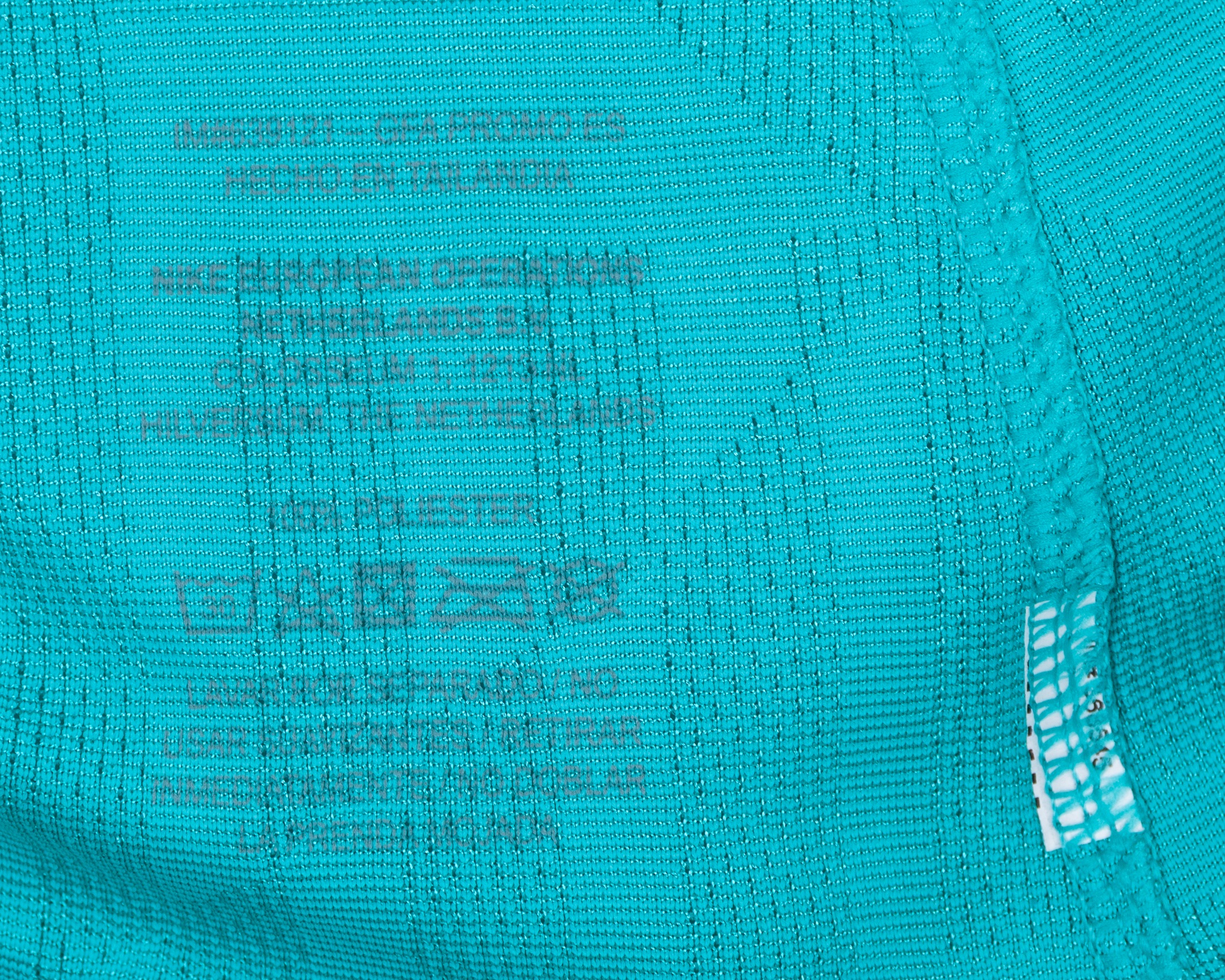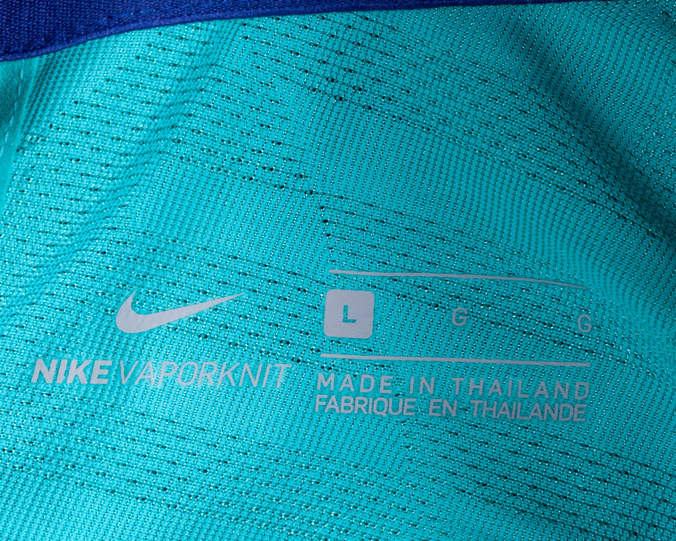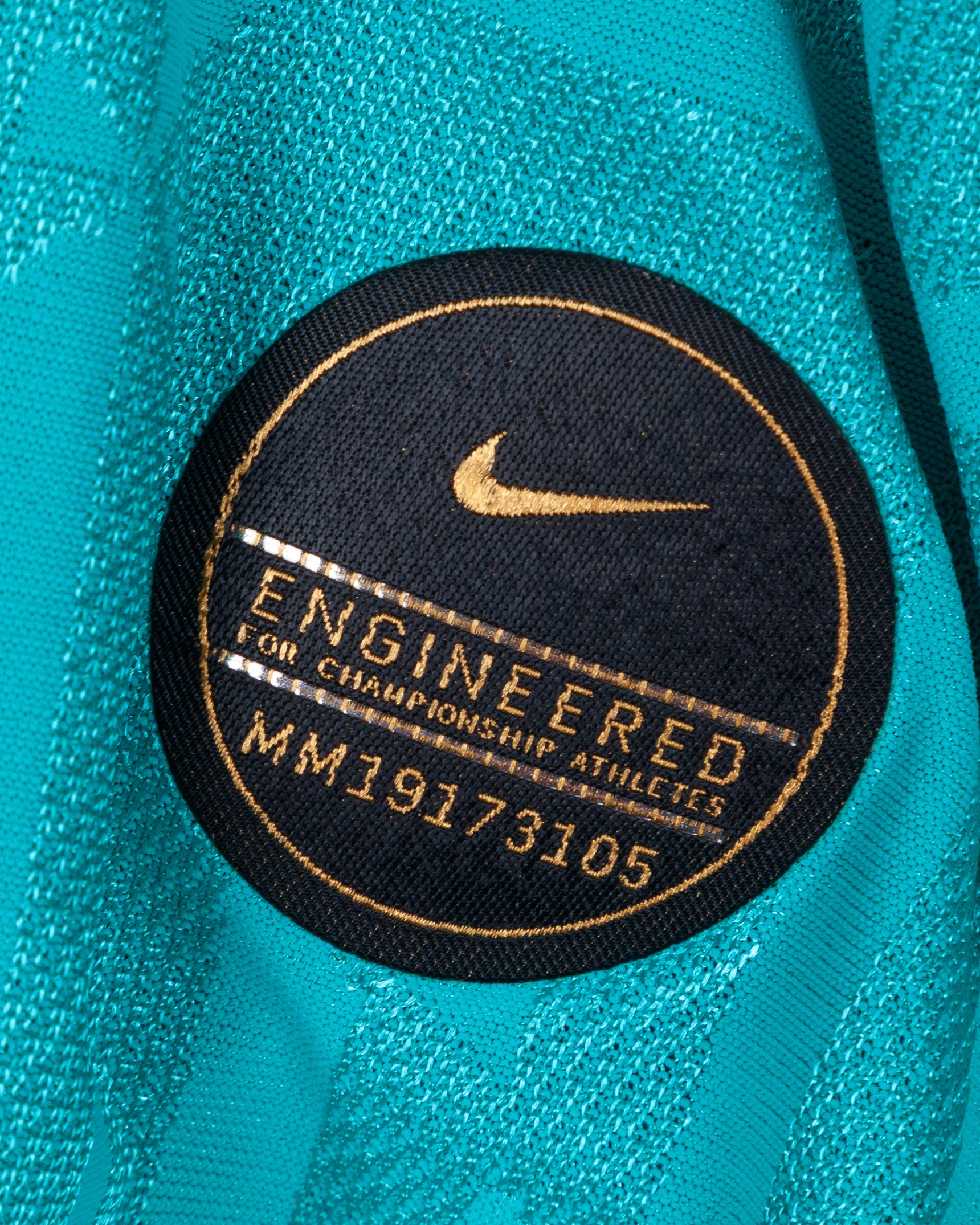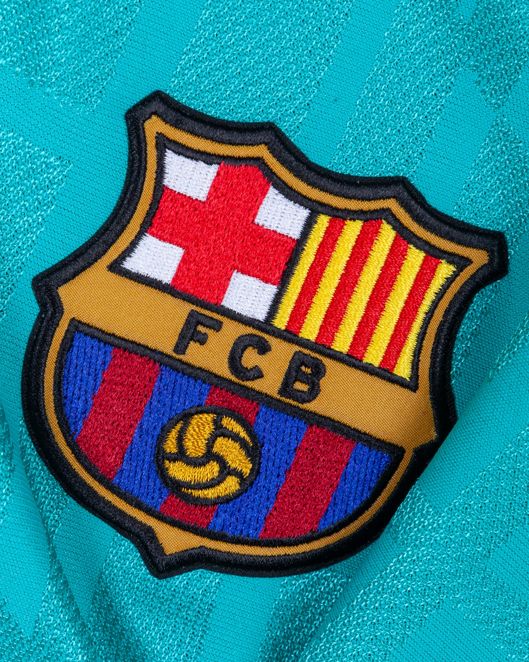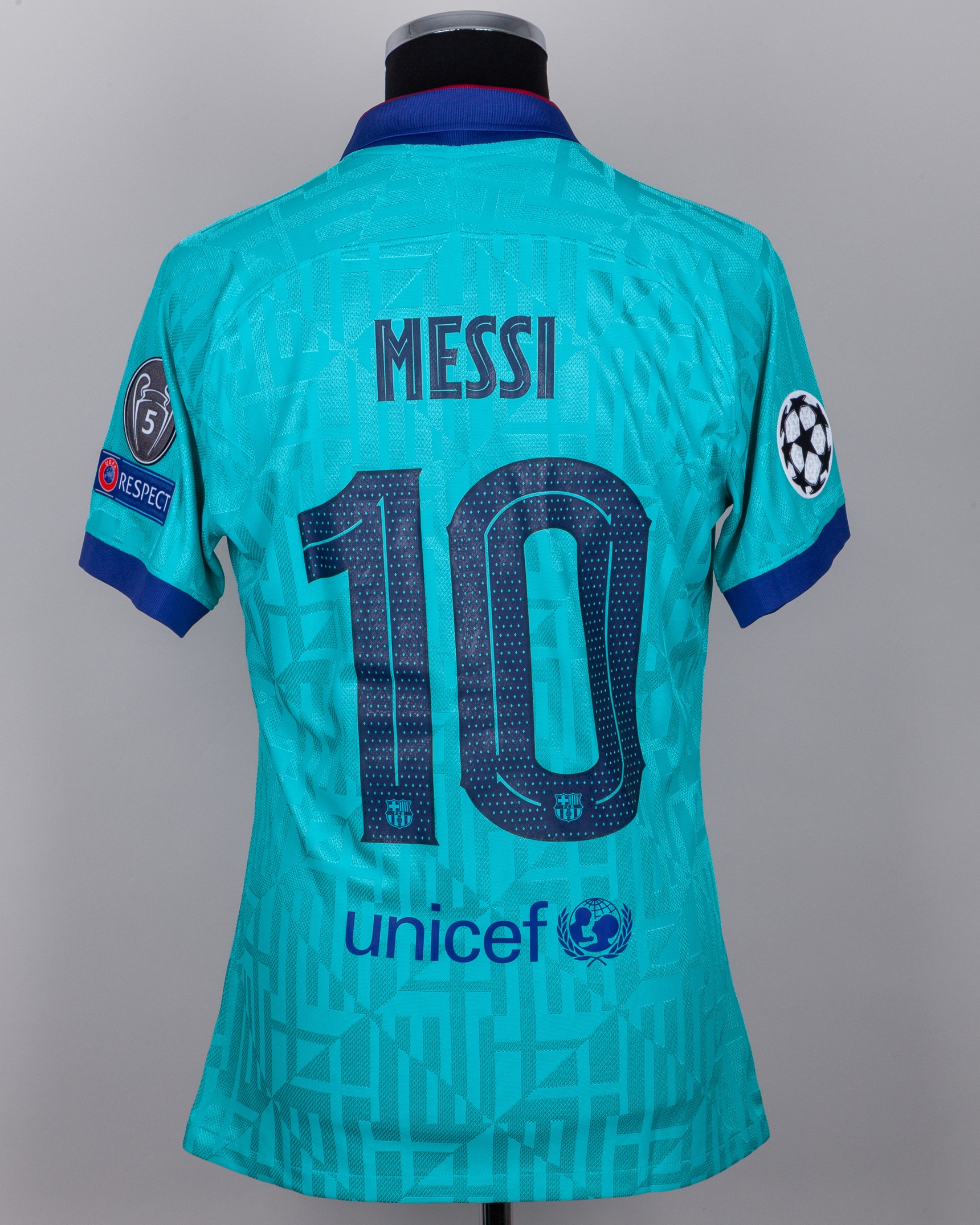 Lionel Messi teal green issued No.10 Barcelona Champions League short-sleeved shirt, 2019-20 third, Nike, L, with v-neck collar and embroidered printed on badge inscribed FCB, the reverse lettered MESSI, the right sleeve with Champions League flash and the left sleeve with respect and 5 Champions League flashes
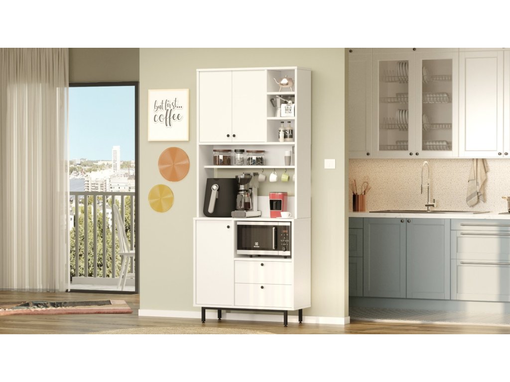 – Vysoká policová skříň na mikrovlnku s víceúčelovým designem
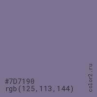 Цвет #7D7190 в цветовой модели RGB обозначается тремя октетами (125, 113, 144) в десятичном формате и #7D7190 в шестнадцатиричном (hex) формате, которые являются интенсивностью красного 125 (hex 7D), интенсивность зелёного 113 (hex 71) и интенсивность синего 144 (hex 90).

+-------+

> [TASK GOAL]:
Without any of its pictures, the listing is to be repeated exactly as it stands.

> [RESPONSE BELOW]:
 Lionel Messi teal green issued No.10 Barcelona Champions League short-sleeved shirt, 2019-20 third, Nike, L, with v-neck collar and embroidered printed on badge inscribed FCB, the reverse lettered MESSI, the right sleeve with Champions League flash and the left sleeve with respect and 5 Champions League flashes
 – Vysoká policová skříň na mikrovlnku s víceúčelovým designem
 Цвет #7D7190 в цветовой модели RGB обозначается тремя октетами (125, 113, 144) в десятичном формате и #7D7190 в шестнадцатиричном (hex) формате, которые являются интенсивностью красного 125 (hex 7D), интенсивность зелёного 113 (hex 71) и интенсивность синего 144 (hex 90).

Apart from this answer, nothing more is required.